Over at Roger Ebert’s, Time reviewer Richard Corliss has a sweet guest-post on the upcoming Live Free or Die Hard.

Jee-zus, has it really been almost twenty years?

I remember when the wham-bam style of films like Raw Deal, Cobra and their ilk were comforting in their predictability of character and story. The good guys were long on jaw-lines and short on dialogue. The bad guys had five-o’clock shadow and wore aviator sunglasses 24-7. The side-kick – pick your minority of spunky woman, jive-ass black guy or Mensa-IQ Asian geek – always died by the second or third reel.

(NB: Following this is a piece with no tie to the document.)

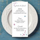 Celebre la temporada de amor con esta carta de platos muy bien elaborada, adornada con delicadas mariposas de verano. Diseñado en suaves tonos pastel, evoca el encanto de un fiesta de jardín iluminado por el sol o de una romántica velada al aire libre. Perfecto para bodas de primavera y verano, recepciones al jardín o celebraciones con temática de mariposas.

And how ’bout them bookends: the hero who’s shown at the beginning to struggle with something (like, say, flying a small plane) will, by the film’s climax, be forced to master that same something BUT ON A MUCH LARGER SCALE (like, say, flying a passenger jet).

What distinguished Die Hard from its predecessors – more so than even Lethal Weapon‘s spec-ops-grade tactics, hardware and action – was the human vulnerability that drove the story, and the attention to detail (like sparing a thought for your stock villain). (This aspect has been covered endlessly and much more intelligently elsewhere so I’ll keep it brief.) In Die Hard, Bruce Willis‘ John McClane isn’t cleaning out the Nakatomi Plaza just because he’s the hero – his wife‘s in there. But even that goal isn’t clearcut: he’s in Los Angeles to save his marriage. And his relationship skills border on, shall we say, the prehistoric.

Let’s not forget the baddies – they were a revelation: trained, armed and motivated, these were no strawmen waiting for the FX supervisor to blow their squibs. Each mano-a-mano clinch McClane goes into, he’s trapped, outgunned and outnumbered: sometimes luck helps but otherwise he has absolutely nothing to lose. Sure the baddies die one by one, but they get some good kickin’ into our hero before their demise. And Alan Rickman‘s urbane, sophisticated and meticulous villain has rarely been equalled since.

Nowadays, film baddies seem to have reverted to the Commando school of baddies where although you can outnumber the hero, you’re just there die in swathes of automatic gunfire. And if you’re the villain, ‘s like all you need is to be able to laugh maniacally or grit your teeth enough to have a vein throb on your forehead.

Meanwhile, the de rigueur hero is like Jack Bauer – always ready to save the world in spite of a rocky marriage, a flighty daughter, extra-marital affairs and/or office politics.

It’s been a long time since I’ve felt as immersed in a character’s situation as McClane’s first escapade. I was there with him, goddammit. I identified. The Die Hard 4.0 reboot mayn’t take me anyplace new or even exciting – but at least I’ll always have the memories.